What were Roger Clemens’ Charges?
As we all probably know, Roger Clemens has been back in the news following his recent acquittal. As you will remember, a federal grand jury indicted Clemens on August 19, 2010 on charges of making false statements to Congress about his use of steroids. The indictment charged Clemens with one count of “contempt of Congress,” three counts of “making false statements” and two counts of “perjury” in connection with his February 2008 testimony to Congress.
Clemens’ first trial began on July 13, 2011, but on the second day of testimony the judge in the case declared a mistrial after prosecutors showed the jury evidence they had previously been told by the judge not to show. The verdict from his second trial came in on June 18, 2012. Clemens was found not guilty of all charges. When all this hit the news again, a friend of mine asked, “What exactly was Roger Clemens charged with?”
Most reporters are incorrectly stating that Clemens was found innocent of six counts of perjury when, in reality, he only had two counts of perjury. The first crime listed on his indictment was for “contempt of congress.” Contempt of congress is the act of obstructing the work of the United States Congress or one of its committees. Historically the bribery of a senator or representative was considered contempt of Congress. In modern times, contempt of Congress has generally applied to the refusal to comply with a subpoena issued by a Congressional committee — usually served on someone to force them to testify or produce documents.
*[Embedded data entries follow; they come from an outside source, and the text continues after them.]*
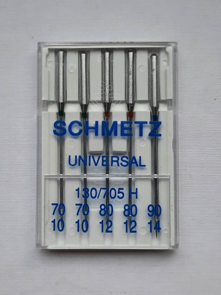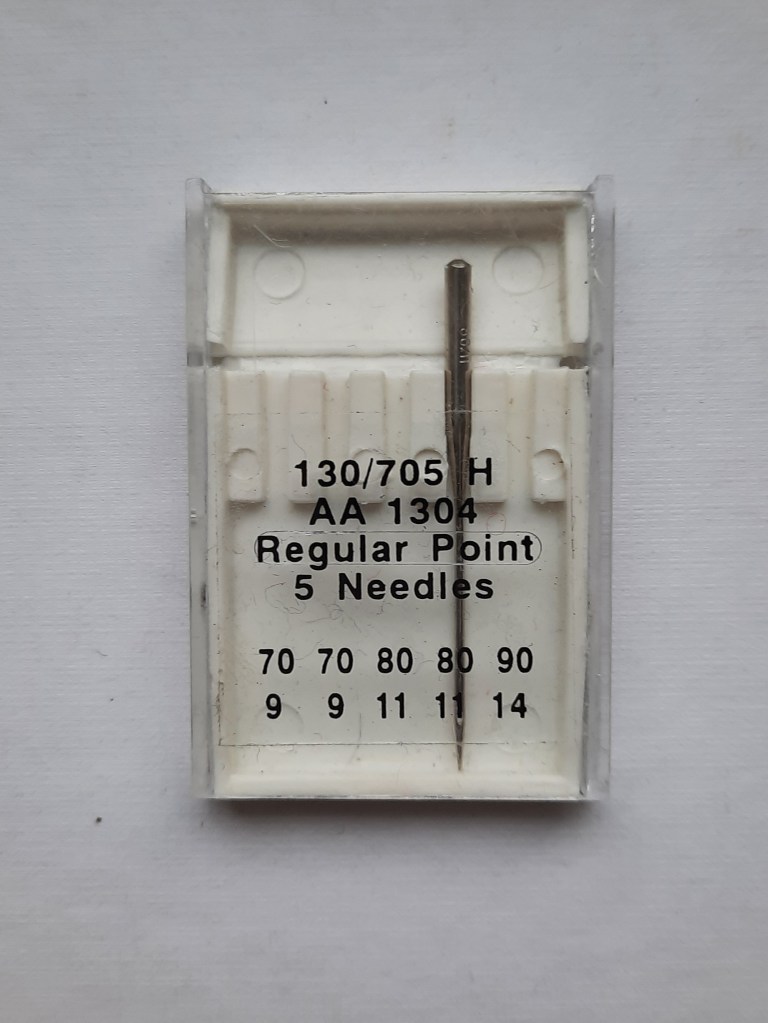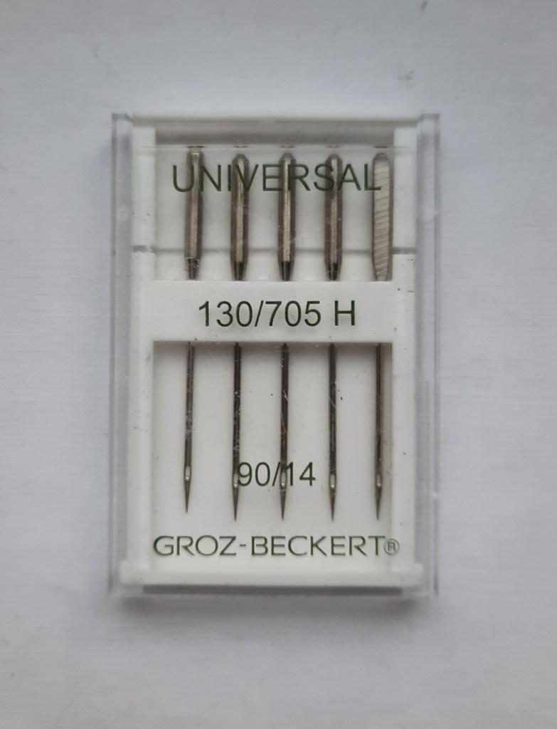 There is a variety of needles on offer, so where should you begin when you are trying to choose a needle for sewing? Well for general sewing it is sensible to choose a ‘universal’ needle (as seen below), which just indicates that it is suitable for everyday sewing, rather than for a specialist use. You can see that various numbers are printed on this box indicating the size of the needles in the packet: 70, 80 and 90. So let’s look at some of the needles in my collection.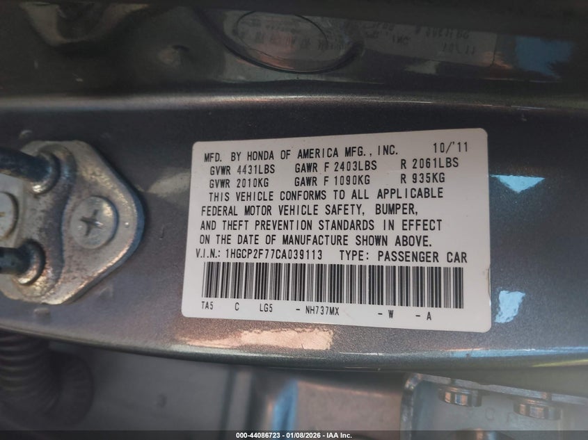 • 1HGCP2F77CA039113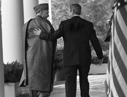 ФОТО: AP Хамид Карзай прежде не имел большого авторитета в Афганистане, но поддержка Джорджа Буша сделала его президентом. Сейчас равняться на Карзая пытается малоизвестный у себя на родине иракский оппозиционер Ахмад Чалаби |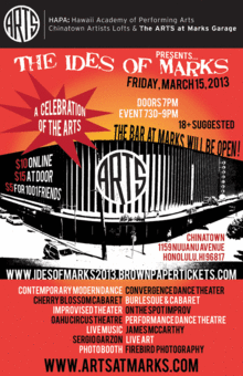 On Friday, March 15, 2013, HAPA (Hawaii Academy of Performing Arts), The Chinatown Artist Lofts & The ARTS at Marks Garage present The IDES of Marks: A Celebration of The ARTS from 730-9pm at The ARTS at Marks Garage.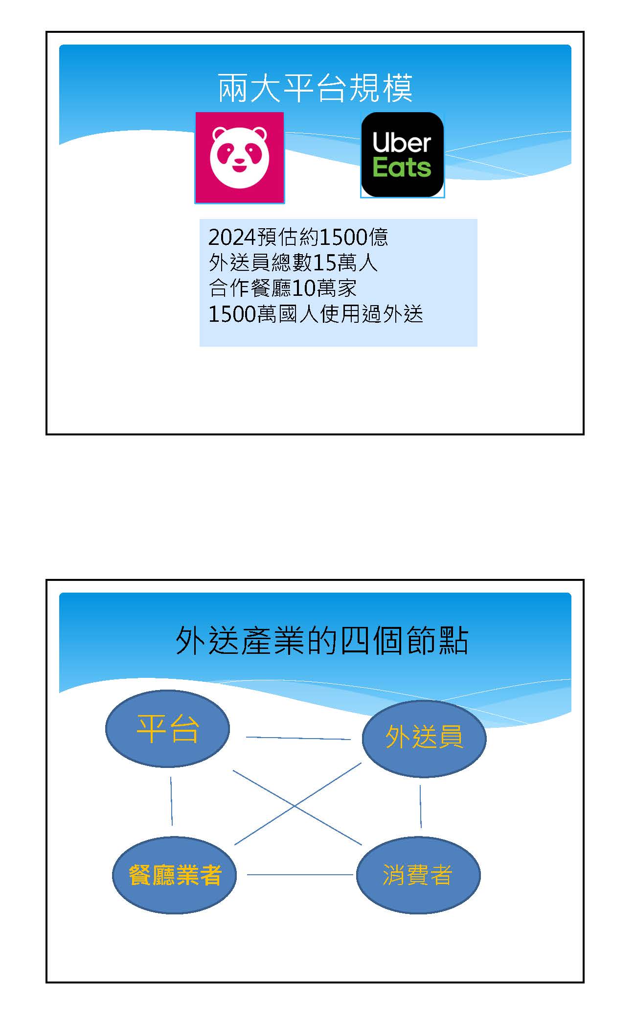 陳副處長俊廷:回主席,當時我們做的是從競爭法的觀點問了一個什麼樣的問題呢?就是如果價格提高的時候,消費者會怎麼選擇,是離開平臺不使用、轉往其他的餐廳,還是跳到別的平臺?我們是從競爭的觀點來做分析的,就是當平臺譬如foodpanda跟Uber Eats一結合之後,市場競爭就減少;競爭減少,他們很有可能就會提高價格;一提高價格的時候,我們看的是消費者及店家他們如何去選擇的問題,是繼續使用外送平台還是就直接跳離了,這個就會影響到消費者對他們的抗衡力量,我們是從這個觀點來看待,這個報告是這樣子。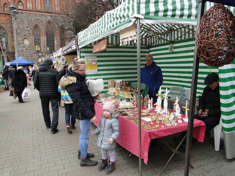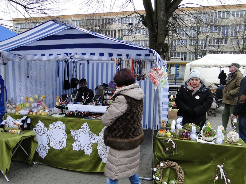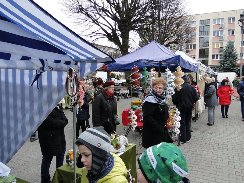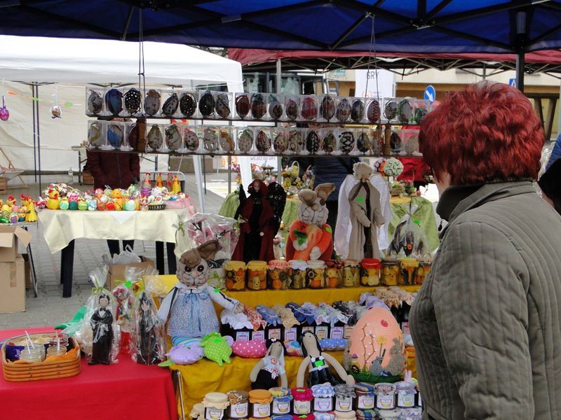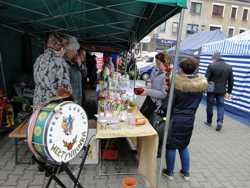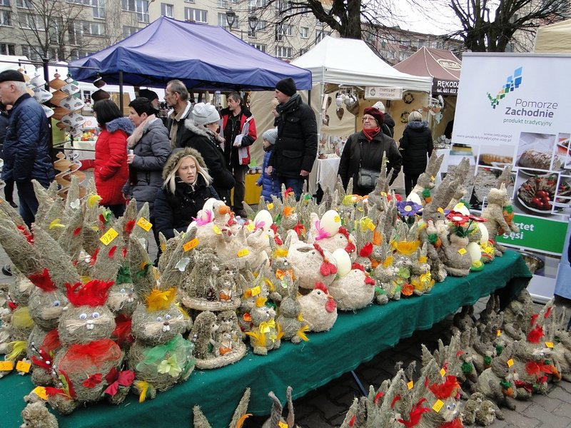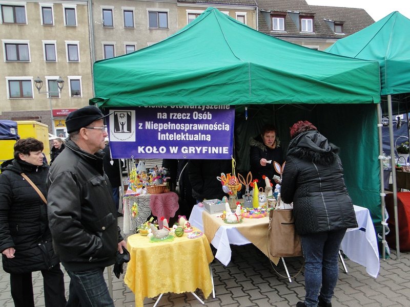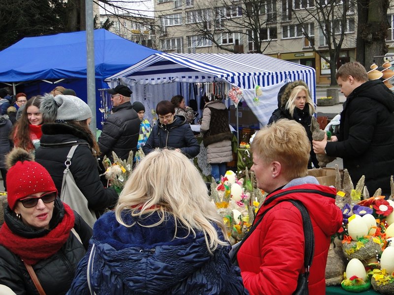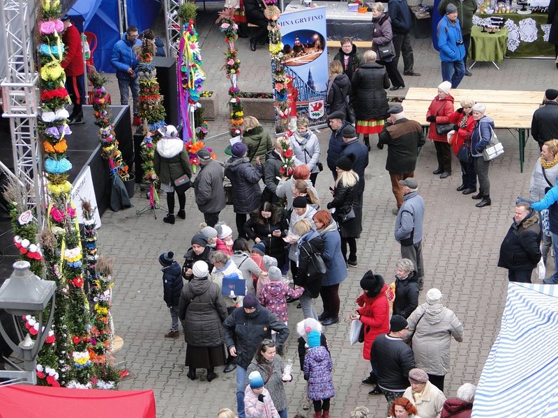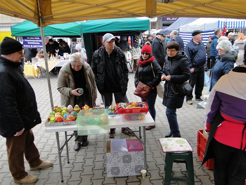 Podczas sobotniego (24 marca) wielkanocnego jarmarku na placu Barnima w Gryfinie chętni mogli kupić m.in. pisanki, kraszanki, stroiki świąteczne, ozdobne serwety i obrusy, palemki, wonne świece, koszyczki, wielkanocne słodkości, miody pitne i inne specjały.

For example, if a person receives a subpoena from Congress, and refuses to fully carry out what the subpoena orders, congress can issue a “contempt citation.” The presiding officer of the chamber is then instructed to refer the matter to the U.S. Attorney. It is then the duty of the U.S. Attorney to refer the matter to a federal grand jury for potential prosecution. The punishment for contempt of Congress includes a jail penalty is not less than one month or more than twelve months, with a potential fine.
Clemens other charges were “perjury” and “making false statements.” Perjury is the willful act of lying while under oath concerning matters material to a judicial proceeding. Therefore, the lie must be made under oath at a hearing and must affect the outcome of the hearing. For example, if a sworn witness lies about his age in court, this lie is only considered to be perjury if the man’s age affects the outcome of the case. Perjury carries a prison sentence of up to 5 years.
“Making false statements” prohibits lying to a federal officer or concealing information from a federal officer. Essentially, a “making false statements” charge is the same as a “perjury” charge without the requirement that you be under oath. To prove a “making false statements” charge, the government must show that the witness lied to a federal officer in order to “undermine functions of governmental departments and agencies.” This crime carries a fine and a prison sentence of up to 5 years, just like perjury.
After explaining all this, my friend then asked, “Why did the government spend so much time and money on THAT?” This may be the best question of all!